Refined Strichartz Estimates for sub-Laplacians in Heisenberg and $H$-type groups

TL;DR

This paper develops refined Strichartz estimates for sub-Laplacians on Heisenberg and H-type groups, extending previous results to non-radial data and applying Fourier restriction techniques in a nilpotent group setting.

Contribution

It introduces new refined Strichartz estimates for sub-Laplacians on H-type groups, including non-radial initial data, using spectral projector estimates and Fourier restriction methods.

Findings

Extended Strichartz estimates to non-radial data on Heisenberg groups.

Established refined estimates for wave equations on H-type groups.

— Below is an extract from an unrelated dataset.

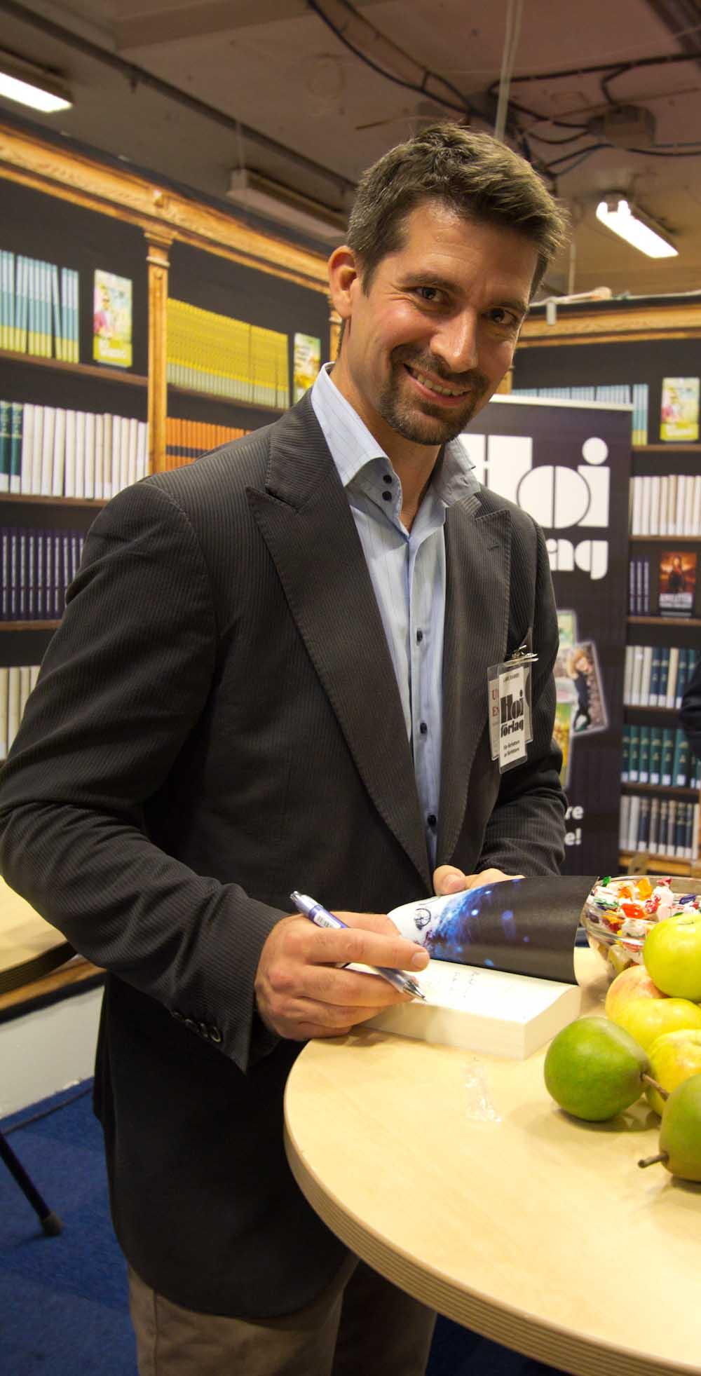 Lars Rambe har gått ut hårt och satt upp målet för mässan: han ska signera 1000 pocketböcker! Här signerar han nummer 42 (till min faster).

Reinterpreted estimates as Fourier restriction theorems for nilpotent groups.

Abstract

We obtain refined Strichartz estimates for the sub-Riemannian Schr\"{o}dinger equation on $H$-type Carnot groups using Fourier restriction techniques. In particular, we extend the previously known Strichartz estimates previously obtained for the Heisenberg group also to non radial initial data. The same arguments permits to obtain refined Strichartz estimates for the wave equation on $H$-type groups. Our proof is based on estimates for the spectral projectors for sub-Laplacians and reinterprets Strichartz estimates as Fourier restriction theorems for nilpotent groups in the context of trace-class operator valued measures.